カクテル
路上に待機していたタクシーに乗り込む。
麻理さんが辿々しく行き先を告げると、
タクシーはUターンをしてからゆっくりと走り出した。
彼女は後部座席に埋もれて、僕の腕にしがみついている。
「麻理さん、大丈夫ですか?」
しがみつく手に力が入る、
「君嶋くん、ごめんね。迷惑かけたね、、」
いつもの自信に満ちた彼女からは想像できないくらい、今日の麻理さんは小さく弱々しく見える。
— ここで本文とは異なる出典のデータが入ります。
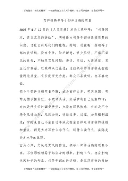 怎样提高领导干部讲话稿的质量[更多资源请百度搜索“培实素材网”]
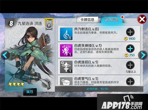 枪手,资质A,所需内力30,对晕眩和虚弱状态的敌人施展连招,五星后增加浮空效果并触发三段连招。碎片获得途径多,升星难度小。
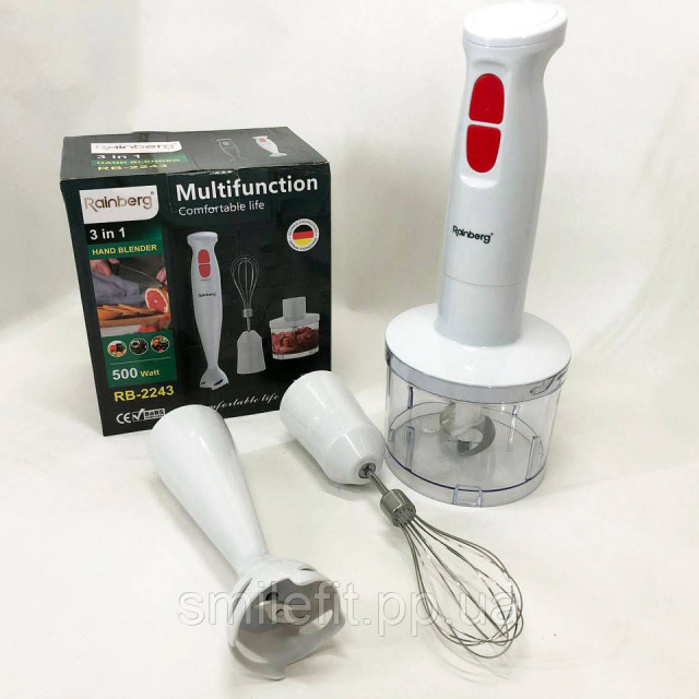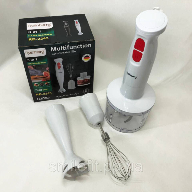 Блендер 3в1 Rainberg RB-2243 500W занурювальний блендер подрібнювач для молочних коктейлів. Колір: білий, Київ

「気にしないで下さい。僕なんかで良ければいつでも話し相手になりますから」
なんとなく麻理さんの事が不憫に思えて、出来るだけ力になってあげたいと感じていた。
マンションの前でタクシーは停まった。
「此処でよろしいですか?」
運転手がバックミラー越しに問いかける。
麻理さんだけ降ろそうと思っていたけど、
この状態では、彼女が自分の部屋までたどり着けるかどうか心配だった。
料金を精算して、二人でタクシーを降りることにした。
「麻理さん、マンションに着いたよ。歩けるかな?」
その場に座り込む彼女に、背中をさすりながら優しく問いかけると無理だと答える。